Update README.md adding more description for each model

README.md

@@ -3,6 +3,9 @@ library_name: nemo
 ---
 # CHiME8 DASR NeMo Baseline Models
 
+The model files in this repository are the models used in this paper [The CHiME-7 Challenge: System Description and Performance of
+NeMo Team’s DASR System](https://arxiv.org/pdf/2310.12378.pdf).
+
 ## 1. Voice Activity Detection (VAD) Model: 
 ### **MarbleNet_frame_VAD_chime7_Acrobat.nemo**   
 - This model is based on [NeMo MarbleNet VAD model](https://docs.nvidia.com/deeplearning/nemo/user-guide/docs/en/main/asr/speech_classification/models.html#marblenet-vad).
@@ -14,11 +17,43 @@ on [VoxCeleb1&2 datasets](https://www.robots.ox.ac.uk/~vgg/data/voxceleb/vox1.ht
 
 
 ## 2. Speaker Diarization Model: Multi-scale Diarization Decoder (MSDD-v2)
-### MSDD_v2_PALO_100ms_intrpl_3scales.nemo
+### **MSDD_v2_PALO_100ms_intrpl_3scales.nemo**
+
+ Our DASR system is based on the speaker diarization system using the multi-scale diarization decoder (MSDD).
+  - MSDD Reference: [Park et al. (2022)](https://arxiv.org/pdf/2203.15974.pdf)

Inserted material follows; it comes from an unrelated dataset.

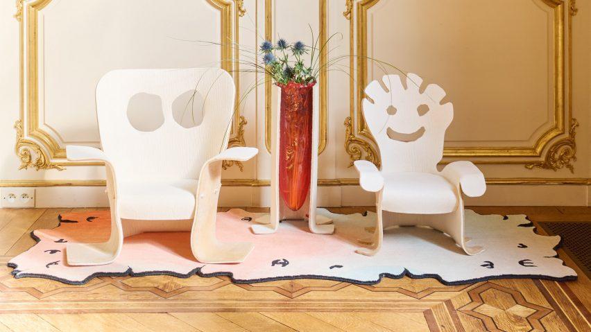 Из ткани выполнены как сами сиденья, так и ножки, переходящие в подлокотники. Каждый стул имеет изогнутую спинку, украшенную вырезанным лицом, что придает предметам игривость, характерную для работ Пеше.

+- MSDD-v2 speaker diarization system employs a multi-scale embedding approach and utilizes TitaNet speaker embedding extractor.
+  - TitaNet Reference: [Koluguri et al. (2022)](https://arxiv.org/abs/2110.04410)
+  - TitaNet Model is included in this .nemo checkpoint file.
+- Unlike the system that uses a multi-layer LSTM architecture, we employ a four-layer Transformer architecture with a hidden size of 384.
+- This neural model generates logit values indicating speaker existence.
+- Our diarization model is trained on approximately 3,000 hours of simulated audio mixture data from the same multi-speaker data simulator used in VAD model training, drawing from VoxCeleb1&2 and LibriSpeech datasets.
+  - LibriSpeech Reference: [OpenSLR Download](https://www.openslr.org/12),[LibriSpeech, Panayotov et al. (2015)](https://ieeexplore.ieee.org/document/7178964)
+- MUSAN noise is also used for adding additive background noise, focusing on music and broadband noise.
+
 
 ## 3. Automatic Speech Recognition (ASR) model
-### FastConformerXL-RNNT-chime7-GSS-finetuned.nemo
+### **FastConformerXL-RNNT-chime7-GSS-finetuned.nemo**
+- This ASR model is based on [NeMo FastConformer XL model](https://docs.nvidia.com/deeplearning/nemo/user-guide/docs/en/main/asr/models.html#fast-conformer). 
+- Single-channel audio generated using a multi-channel front-end (Guided Source Separation, GSS) is transcribed using a 0.6B parameter Conformer-based transducer (RNNT) model.
+  - Model Reference: [Gulati et al. (2020)](https://arxiv.org/abs/2005.08100)
+- The model was initialized using a publicly available NeMo checkpoint.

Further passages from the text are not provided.